The International Verapamil/Trandolapril Study (INVEST) demonstrated comparable efficacy between verapamil SR and atenolol antihypertensive treatment strategies for clinical outcomes and blood pressure (BP) control in hypertensive patients with coronary artery disease (N = 22,576). Effects of these antihypertension strategies on mood-related issues are not well understood.

Objectives:

The objectives of this study were 1) to compare depressive symptoms by strategy and 2) to identify predictors of depressive symptoms in INVEST patients after 1 year of follow up.

Design, Setting, and Patients:

Depressive symptoms were assessed in a subset (N = 2317) of consecutively randomized U.S. patients enrolled between April 1, 1999, and October 31, 1999. Patients were mailed surveys after randomization and after 1 year of treatment.

Intervention:

Patients were assigned to either a verapamil SR or atenolol strategy to achieve Joint National Committee on Prevention, Detection, Evaluation, and Treatment of High Blood Pressure BP goals.
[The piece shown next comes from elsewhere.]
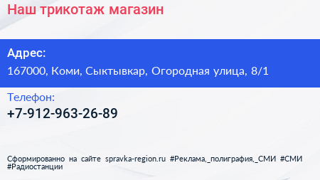 Наш трикотаж, магазин по адресу 167000, Коми, Сыктывкар, Огородная улица, 8/1 в дальнейшем Организация, размещена в следующих категориях:
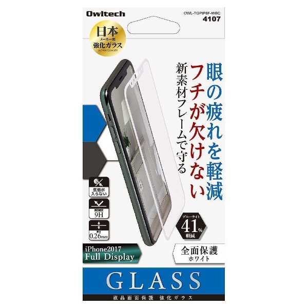 【在庫限り】 iPhone X用 液晶保護ガラス 全面保護 ブルーライトカット41% PET素材フレーム 0.26mm ホワイト OWL-TGPIP8F-WBC

Trandolapril and/or hydrochlorothiazide were recommended as add-on agents.

Main Outcome Measure:

Depressive symptoms were measured by the Center for Epidemiologic Studies–Depression (CES-D) scale.

Results:

CES-D scores improved 1.45 points (p < .001) after 1 year in patients assigned to the verapamil SR strategy, whereas a nonsignificant improvement was observed in patients assigned to the atenolol strategy (0.27 points, p = .44). Predictors of higher depressive symptoms were higher baseline CES-D score (p < .001), history of depression diagnosis (p = .03), history of stroke (p < .001), and assignment to the atenolol strategy (p < .001).

Conclusions:

A verapamil SR strategy is a viable alternative to beta-blocker therapy for hypertensive patients with coronary artery disease, especially those at risk of depression.